Капут - Курцио Малапарте
Шрифт:
Интервал:
Закладка:
– ’O vero? – сказал Сартори.
– ’O vero, – сказал я.
Рассвет пробивал затянутое тучами небо. Дым пожарища стоял над деревьями и домами. Было прохладно.
– Сартори, – сказал я, – когда Муссолини узнает, что они ворвались в консульство в Яссах, он им такое устроит, что небо с овчинку покажется.
– Не издевайтесь, Малапарте, – сказал Сартори. – Муссолини лает, но не кусает. Он вышвырнет меня за то, что я дал приют бедным евреям.
– ’O vero?
– ’O vero, Малапарте.
Сартори встал и предложил мне пойти отдохнуть.
– Вы устали, Малапарте. Пожалуй, все уже кончилось. Кто умер, тот мертв. Ничего не поделаешь.
– Я не устал, Сартори. Идите спать вы, я покараулю.
– Отдохните хоть час, доставьте мне такое удовольствие, – сказал Сартори, усаживаясь на стул.
Идя через кладбище, я увидал двух румынских солдат в неверном свете, они сидели на могиле и молча жевали хлеб.
– Добрый день, dòmnule capitan, – сказали они.

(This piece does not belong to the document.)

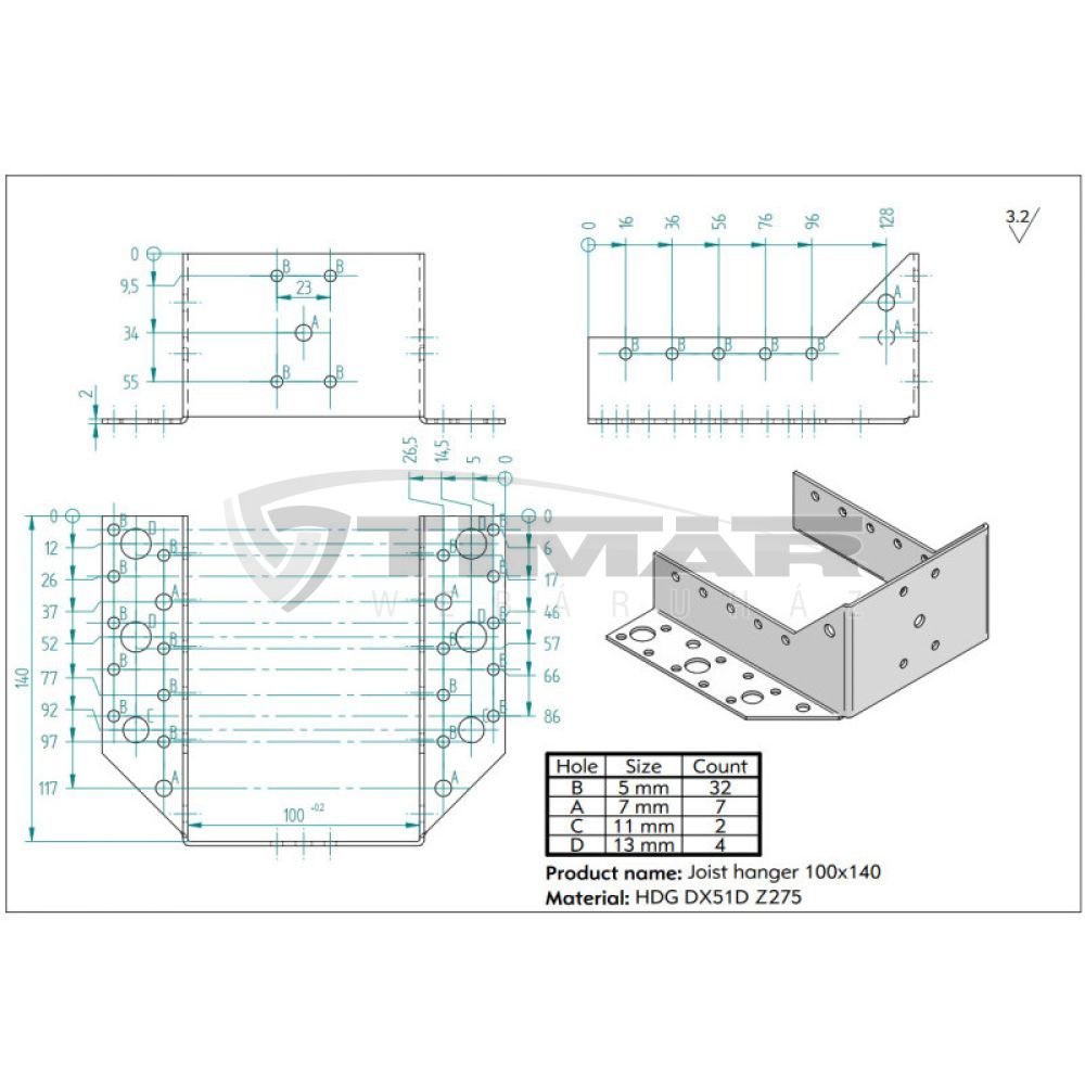 Gerendapapucs külső rögzítéssel 100x140x2,0mm

– Добрый день, – ответил я.
Мертвая женщина лежала между могил. За забором скулил пес. Я бросился в кровать и закрыл глаза. Мне было нехорошо. Ничего не поделаешь. La dracu, подумал я. Это страшно – ничего не мочь сделать.
Я тихо засыпал и сквозь открытое окно видел уже освещенное рассветом небо, подсвеченное бледными отблесками пожарищ; шагающий по небу человек с огромным белым зонтом смотрел вниз.
– Спокойного сна, – сказал мне летящий в небе человек, кивнул головой и улыбнулся.
– Спасибо, приятной прогулки, – ответил я.
Через пару часов я проснулся. Было светлое утро, вымытый, свежий после ночной бури воздух сверкал на предметах как прозрачный лак. Я выглянул в окно и посмотрел на улицу Лэпушняну. На улице лежали людские тела с признаками разложения. Тротуары были загромождены мертвыми, наваленными друг на друга людьми. Несколько сот трупов были сложены в кучу на кладбище. Стаи собак обнюхивали мертвых с испуганным, робким видом потерявших хозяина тварей, они ходили среди мертвых уважительно и осторожно, опасаясь наступить на окровавленное лицо или окоченевшую руку. Отряды евреев под присмотром жандармов и вооруженных автоматами солдат оттаскивали трупы с середины дороги и складывали их под стеной, чтобы дать проехать машинам. Проезжали груженные мертвецами немецкие и румынские грузовики. Мертвый ребенок сидел на тротуаре, опершись спиной о стену обувной мастерской, откинув голову на плечо.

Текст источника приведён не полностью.